Somehow using words and qualifiers to mean different specific things is controversial.

The only thing I will say to complicate it though is if you have a workflow and none of the steps give the system an option to select from more than one tool call, then I would suggest that should be called an LLM workflow and not an agent. Because you removed the agency by not giving it more than one option of action to select from.


Agentic AI comes out of historical AI, systems computing and further back biological/philosophical discussion.

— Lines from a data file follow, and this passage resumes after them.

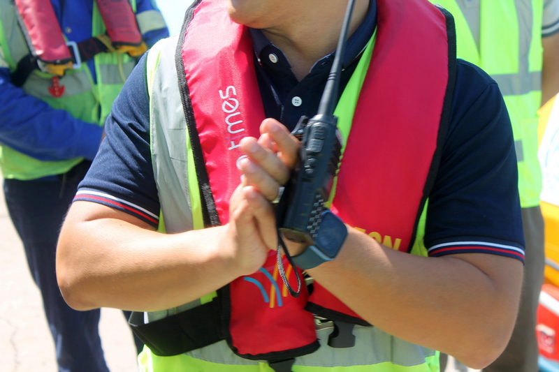 Каждому надели спасательные жилеты. Они, кстати, активируются самостоятельно при попадании в воду.
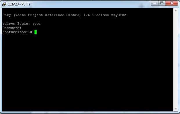 Así que accedemos a Linux en Edison con masilla. Usuarios Mac/Linux no requieren de masilla.
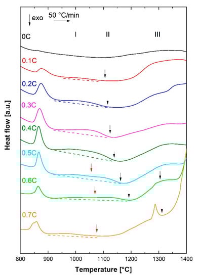 In spite of the inaccuracies arising from the identification of the baseline, effort was made to identify temperatures associated with the full dissolution of carbides. The black arrows in Figure 5 mark the approximate end of the endothermic peaks, namely, temperatures associated with the full dissolution of carbides. For the steels 0.1C–0.5C, only one broad endothermic peak could be identified, which is expected to be related to the dissolution of M23C6 as the most dominant carbide in martensitic stainless steels such as the AISI 420 grade [42]. The thermodynamic stability of M23C6 can also be implied from the equilibrium phase diagram in Figure 3b. In the case of the 0.5C alloy, the broad endothermic peak shows a mild discontinuity, which is marked by a red arrow in Figure 5. Such a discontinuity is also evident in the case of the 0.6C alloy and might even exist in the DSC curve of the 0.7C alloy, at the temperature marked by a red arrow, but have remained unnoticed due to the particular progression of the baseline. The discontinuity is expected to be related to a change in the type of carbides, for instance, M23C6 to M7C3 transformation [26], as also implied from the equilibrium phase diagram at high carbon concentrations. In the case of the 0.6C alloy, another weak endothermic peak emerges shortly below 1300 °C and ends at the temperature marked by a second black arrow. By analogy with [56], this peak is thought to be related to the dissolution of M7C3 carbides, especially carbides that might have been present and coarsened at the homogenization temperature of 1200 °C. This interpretation is supported by the higher intensity of the latter peak in the case of the 0.7C alloy, whose end marks the full dissolution of all types of carbides.
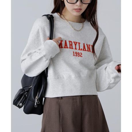 昨年好評だったアイテムが、ロゴ刺しゅうを変えて今年も登場!コットン素材のレギュラーウエイトの短丈スウェットです。フロントはカレッジロゴ刺しゅうで立体感をプラスし、太めの袖には切り替えラインを施しワンポイントをプラス。衿ぐり・アームホール・袖口・裾周りには、またぎステッチを入れ、縫い代の浮きがなく着心地の良いディテールに。スカートでもパンツでも合わせやすい程よい短丈です。バルーンスカート(店舗商品番号131-4220017)を合わせ、トレンドのシルエットで着こなすのがおすすめ。※ロゴの意味「MARYLAND」アメリカのメリーランド州※モデルの着用画像の場合、光の当たり具合により、実際の色味と異なって見えることがございます。色味は、商品単体の画像をご参照ください。

It's not about tool use although ironically, animal tool use is a fascinating subject not yet corrupted by the hype around intelligence.

I implore you to look into that to see how some people relate it to autonomy or AGI or ASI(wrongly, imo - I think shoehorning OOP and UML diagrams plus limited database like memory/context is not a path to AGI. Clever use of final layers, embeddings and how you store/weight them (and even more interesting combinations) may yield interesting results because we can (buzzword warning) transcend written decoding paradigms - the Human brain clearly does not rely on language).

However what gets marketed today is, as you say, not capable of any real agent autonomy like in academia - they are just self-recursive ChatGPT prompts with additional constraining limits. One day it might be more, but libraries now are all doing that from my eye. And recursion has pros but emphasizes the unreliability con/negative of LLMs.


That's not the definition I see most people using. Plenty of tool calling going on purely to structure an output, which could also be achieved by prompting.

For me, agentic means that at least at some stage, one model is prompting another model.


This has been my experience. Lots of companies are implementing LLMs but are not advertising it. There's virtually no upside to being public about it.


Investors at throwing money at ai projects. That is one upside.


Very accurate. So much of succesful (from company PoV) real-world LLM use is about replacing employees. HN is still far too skeptical about how much this is in fact happening and is likely to accelerate.


This is exactly it except also, the use cases are so constrained as to be hardly using LLMs at all.